Although unfortunate for many businesses who depended on UPS as their main carrier, the strike has given a considerable boost to the United States Postal Service. The U.S. Postal Service has reported a 70 percent increase in express mail, 50 percent in priority mail, and 20 percent in parcels. Although only August, mail volume is at Christmas time levels.

Several Paynesville businesses are feeling the effects of the strike, although most have managed to keep up with daily business with little affect on their customers. NAPA Auto Parts, Paynesville Corner Drug, Koronis Sports Apparel, and Deanna Lieser, Mary Kay dealer, are a few who have had to find alternative means of shipping.

NAPA Auto Parts and Paynesville Corner Drug have been able to continue normal business with little effect to their customers. Although both businesses have had a few delays, they haven't had any major setbacks.

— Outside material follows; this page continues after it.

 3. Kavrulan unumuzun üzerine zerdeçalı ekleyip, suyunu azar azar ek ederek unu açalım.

Mike Tougas at NAPA Auto Parts said they will probably be using Speedy more, since that delivery service picked up the extra shipping when UPS began the strike. "I guess they've got a good complaint there," Tougas said of the strikers, "but they need to keep the trucks moving and people working." He felt negotiations could have been done without striking.

Bert Stanley of Paynesville Corner Drug said that they have had few delays, as adjustments were made at the shipping end. Those that couldn't be handled by the management of UPS were directed through alternative services.

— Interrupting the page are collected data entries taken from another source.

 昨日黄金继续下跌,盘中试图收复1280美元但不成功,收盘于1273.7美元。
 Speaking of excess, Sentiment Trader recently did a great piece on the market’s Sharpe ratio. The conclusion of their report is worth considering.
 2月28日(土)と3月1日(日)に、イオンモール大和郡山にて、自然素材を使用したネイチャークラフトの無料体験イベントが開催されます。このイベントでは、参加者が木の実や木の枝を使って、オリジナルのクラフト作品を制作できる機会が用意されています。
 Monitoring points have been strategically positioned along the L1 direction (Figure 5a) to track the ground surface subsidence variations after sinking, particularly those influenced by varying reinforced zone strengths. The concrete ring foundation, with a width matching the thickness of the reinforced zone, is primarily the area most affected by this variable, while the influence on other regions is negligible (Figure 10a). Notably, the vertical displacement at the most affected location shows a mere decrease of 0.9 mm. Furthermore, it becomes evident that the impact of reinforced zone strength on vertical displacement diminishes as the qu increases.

Koronis Sports Apparel, however, has felt more of a pinch, although it's been minimal because so far they haven't hit their busiest season. Parcel Post has shipped much of their merchandise since the strike began, but they have run into a few difficulties because UPS was their main carrier, and most other delivery services won't take new customers during the strike.

Rose Spencer of Koronis Sports Apparel said they have made trips to the UPS warehouse in Willmar to pick up their merchandise themselves, but items that were already loaded onto the trucks when the strikes began are stuck until the trucks start moving again.

"Obviously, this is going to lose (UPS) some customers," Spencer said. She stated, however, Koronis Sports apparel hasn't had any complaints regarding UPS services before, and she expects to continue her business with them, just not as their only carrier.

"I guess we didn't think it would go on this long," Spencer commented. Their customers have been understanding, though. "Pretty much everybody is in the same bind," she added.

Deanna Lieser, Mary Kay cosmetics consultant, has been hardest hit, although she's made sure her customers haven't been affected, due to her large in stock items.

With other consultants working under her, if one doesn't have a particular product they are able to get it from another. "We help each other out," she said.

At this point, they are mostly shipping through the U.S. Postal Service, but when the strike ends Mary Kay will continue shipping through UPS. She said even though UPS will most likely lose some customers, she is sure Mary Kay will continue with UPS.

"We're just waiting it out and hoping (the strike) will end soon," she said.